LLMs get over-analyzed. They’re predictive text models trained to match patterns in their data, statistical algorithms, not brains, not systems with “psychology” in any human sense.

Agents, however, are products. They should have clear UX boundaries: show what context they’re using, communicate uncertainty, validate outputs where possible, and expose performance so users can understand when and why they fail.

IMO the real issue is that raw, general-purpose models were released directly to consumers.
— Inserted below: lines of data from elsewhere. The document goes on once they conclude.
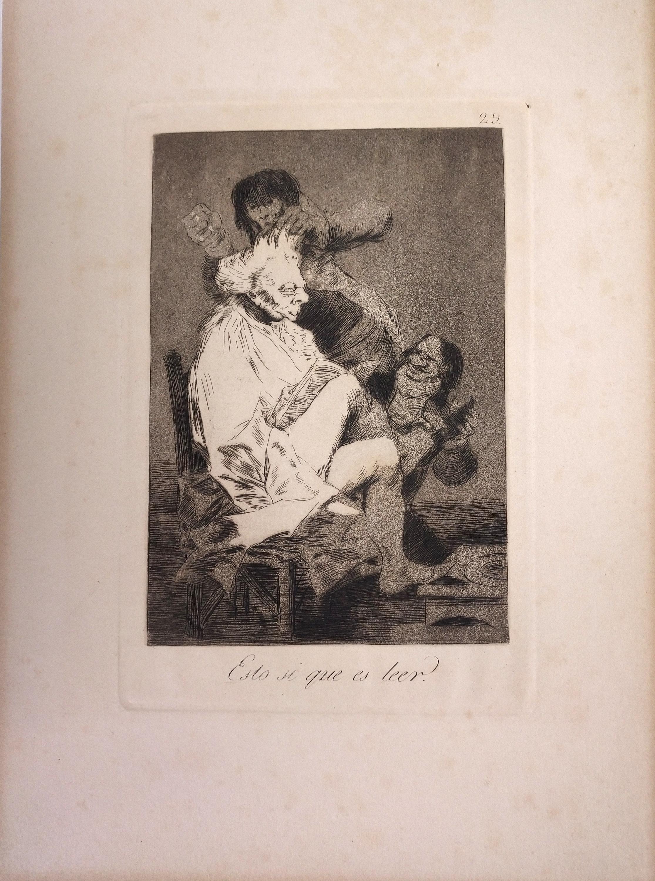 Goyas Los Caprichos war ein künstlerisches Experiment, das den törichten Aberglauben in der spanischen Gesellschaft des 18. Jahrhunderts bloßstellte. Goya beschrieb die Serie als Darstellung der unzähligen Schwächen und Torheiten, die in jeder zivilisierten Gesellschaft zu finden sind, und der weit verbreiteten Vorurteile und betrügerischen Praktiken, die durch Sitten, Unwissenheit oder Eigeninteresse üblich geworden sind. Das Werk wurde vor der geplanten Veröffentlichung im Jahr 1799 aus dem öffentlichen Verkauf genommen. Nur ein formeller Befehl von König Carlos IV. bewahrte Goya davor, vor die spanische Inquisition zitiert zu werden.
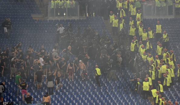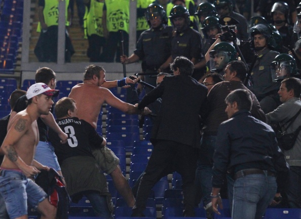 | Màn hỗn chiến xảy ra trên khán đài Olimpico khá lâu. |
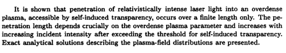 It is shown that penetration of relativistically intense laser light into an overdense plasma, accessible by self-induced transparency, occurs over a finite length only. The penetration length depends crucially on the overdense plasma parameter and increases with increasing incident intensity after exceeding the threshold for self-induced transparency. Exact analytical solutions describing the plasma-field distributions are presented.
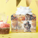 Ein Aquarellbild eines fröhlichen Hundes inmitten eines Haufen lebendiger Herbstlaub, umgeben von winzigen Kürbissen und verstreuten Eichhörnchen. Der Hund trägt einen kleinen Pilgerhut und strahlt vor Freude aus, um den Geist des Erntedanks zu erfassen. Im Hintergrund sorgen weiche Erntefelder und goldfarbene Bäume für eine friedliche Landschaft. Die sanfte Struktur und die warmen, gedämpften Herbsttöne verleihen der Szene ein gemütliches, nostalgisches Gefühl, das perfekt ist, um die Schönheit der Saison zu feiern.
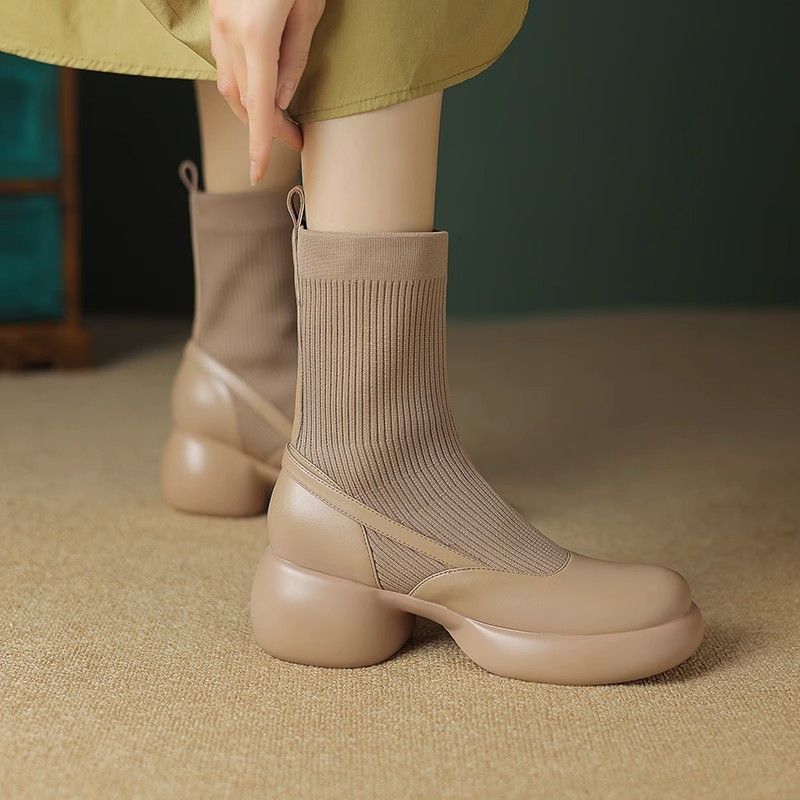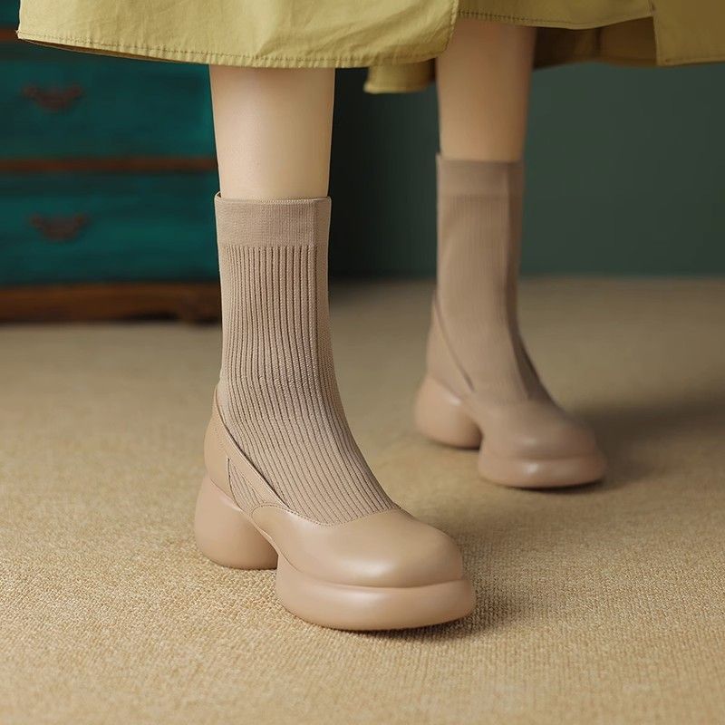 • Thick-Soled Elastic Martin Boots For Women Soft Leather Wool Platform Socks Slim Boots 2024 New Autumn And Winter High-Heeled Short Boots
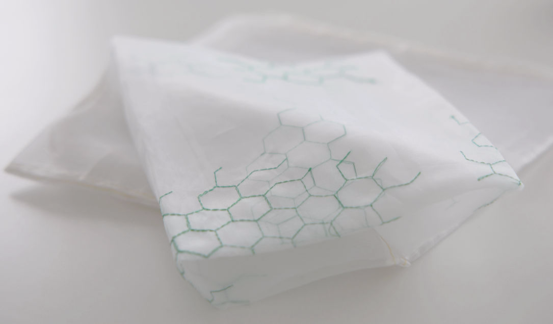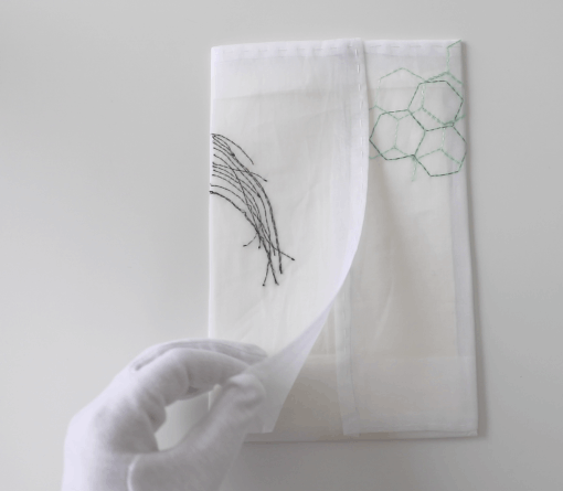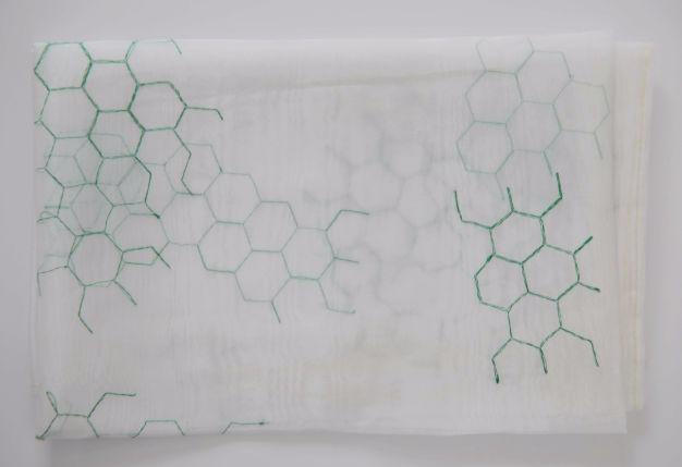 During her six month stay in Morocco, Carolina embroidered veils with green silk thread on white organdy.

That normalized under-specified consumer products, created the expectation that users would interpret model behavior, define their own success criteria, and manually handle edge cases, sometimes with severe real world consequences.

I’m sure the market will fix itself with time, but I hope more people would know when not to use these half baked AGI “products”

DuperPower an hour ago | parent | next [-]

because they wanted to sell the illusion of consciousness, chatgpt, gemini and claude are humans simulator which is lame, I want autocomplete prediction not this personality and retention stuff which only makes the agents dumber.

basch 2 hours ago | parent | prev | next [-]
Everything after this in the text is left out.